Taken as whole, these films articulate the spatial and visual experiences of
20th century urbanism through leitmotif of modernity: urban dystopia and
marginality; the urban experiences of hope and loss, yearning and nostalgia,
terror and fear, crime and violence; the mapping of identity and difference;
and, the spectacles of contemporary consumption.

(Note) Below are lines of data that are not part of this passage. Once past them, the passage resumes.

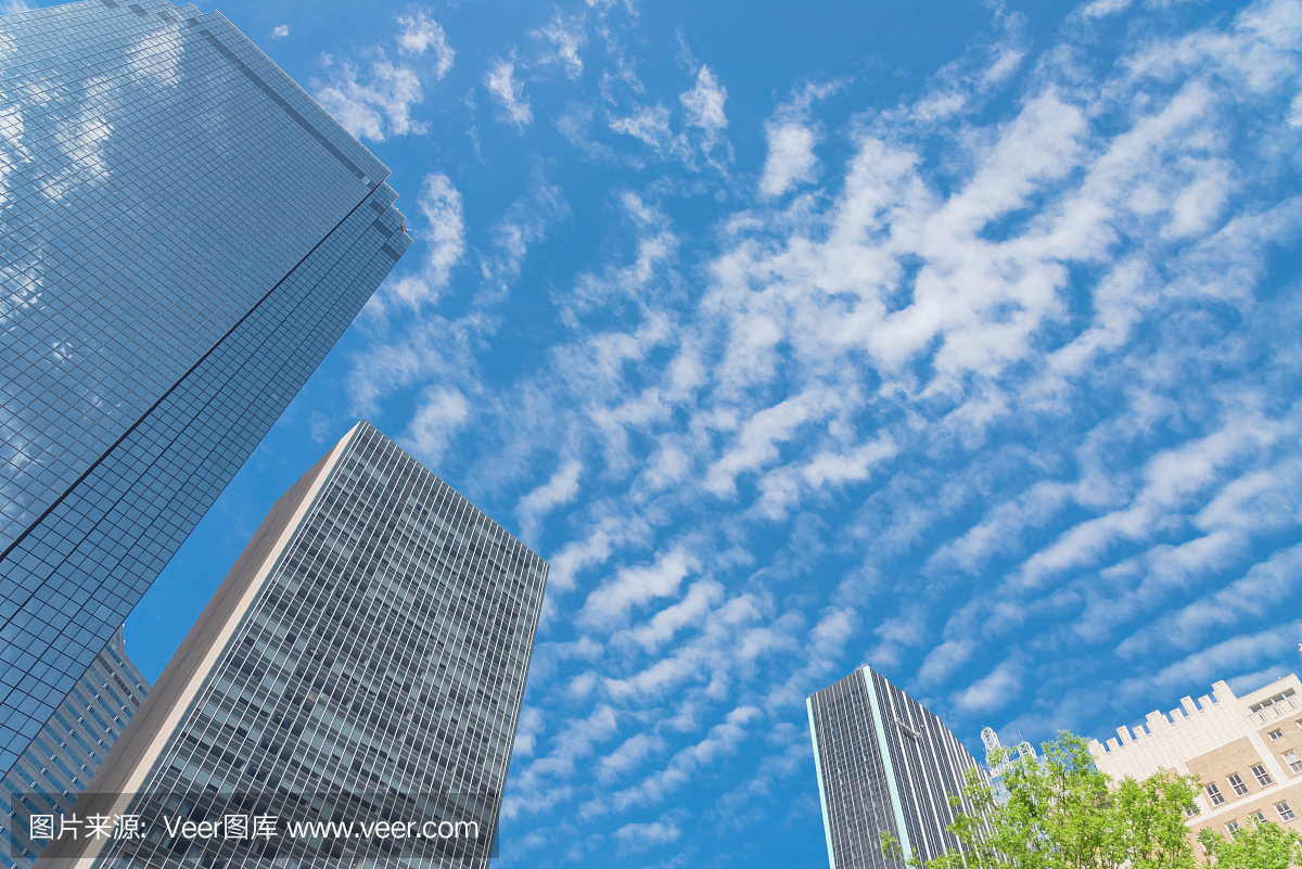 蓝色摩天大楼喷泉地方是街市达拉斯地平线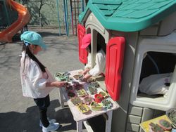お家の周りには、梅組が作った砂や飾りに梅の花びらや草等をつかったケーキやお菓子が並んでいます。「すみません。これは何円ですか?」と松組のお客さんが来たことで「あっそれは500円です」「今日のおすすめはどれですか?」「今日のおすすめはこちらです」とお店屋さんごっこが始まっていました。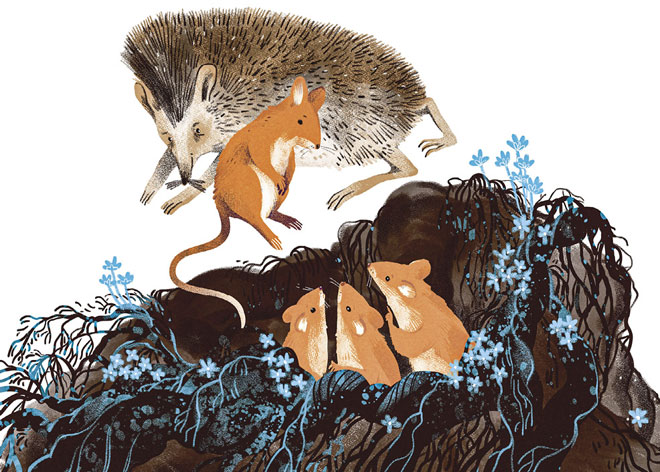 – Ты в своём уме, старый оболтус? – Из-под земли показалась маленькая ушастая голова полёвки. – Зачем так тарабанить по моей крыше? Это же я, Мус-Мус! Как, по-твоему, громила Зубагайл поместится в моей норе?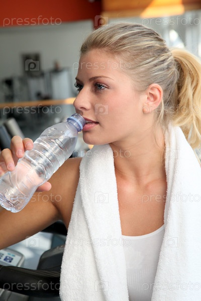 Женщина питьевой воды после занятий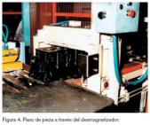 Para ello, se hace pasar la pieza a través de un nuevo electroimán denominado, en nuestra aplicación, desmagnetizador (figura 4), el cual por su forma dirige las líneas de fuerza de la pieza hacia fuera, liberando el citado magnetismo remanente.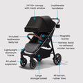 The Baby Jogger® city mini® air Lightweight Stroller is the compact stroller you need for everyday strolls that turn into unexpected adventures. With all-terrain rubber tires and all-wheel suspension, this low-profile baby stroller can go off the beaten path. Baby stays comfortable with a padded seat and canopy featuring a soft, breathable TENCEL™ blend that is sustainably sourced. You'll love the stylish premium leatherette used on the adjustable handlebar and belly bar. A compact, one-step fold and lightweight aluminum frame make for easy transportation and storage. The Harness Assist no-rethread stroller harness allows you to adjust the fit of the harness without rethreading—and a magnetic buckle makes in and out a snap. Kids will stay comfy with a reclining stroller seat, adjustable calf support, and Flex Tech stroller seat suspension that makes for the smoothest ride. The included infant car seat adapters are compatible with all Baby Jogger® and Graco® infant car seats to make your own travel system.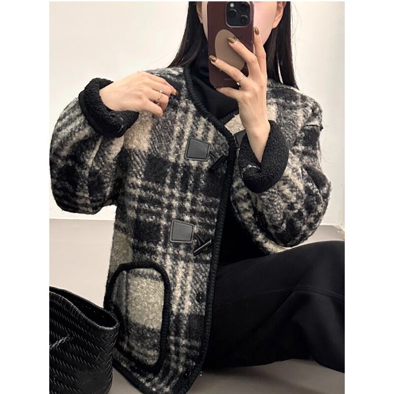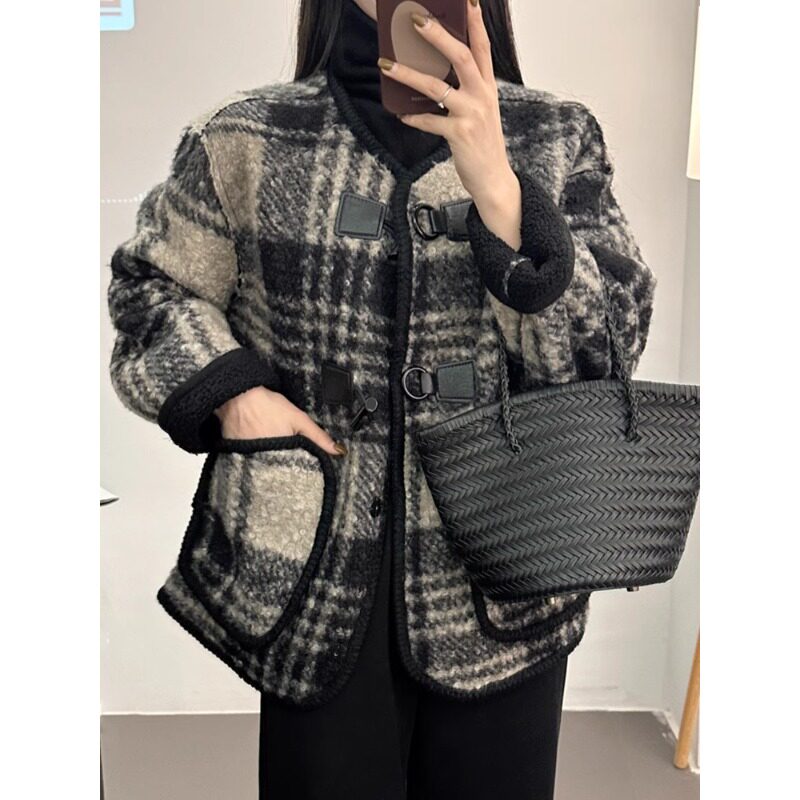 小香风毛呢外套女冬季加厚新款2025爆款韩版加绒小个子高级感上衣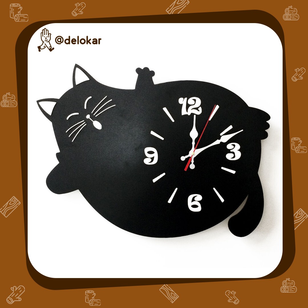 ساعت دیواری چوبی کودک مدل گربه سیاه رنگ سیاه سایز 50 در 80 مبلمونسرا مدل 237410

The changing notions of time and space are portrayed through the conflation
of architectural and filmic device. The new conception of time and space
mediated through the critical lens of cinema as manifested in the
accompanying films in this exhibition produce an entirely new experience
and vision of the contemporary metropolis. Moving images evoke this
experience of urban modernity that is disenchanting and fleeting, generating
rapid stimuli for further change. The speed and shock-like experience of
modernity is the decisive element that has influenced the works in this
exhibition, inevitably soliciting from its audience intellectual inquiry and
critical reflections about urban/rural distinction, urban destruction and
reconstruction, urban neurosis and paranoia, housing crises, industrialization,
symbolic space, spatial nostalgia, virtual/alternative reality, and the politics
of architectural styles and urban planning.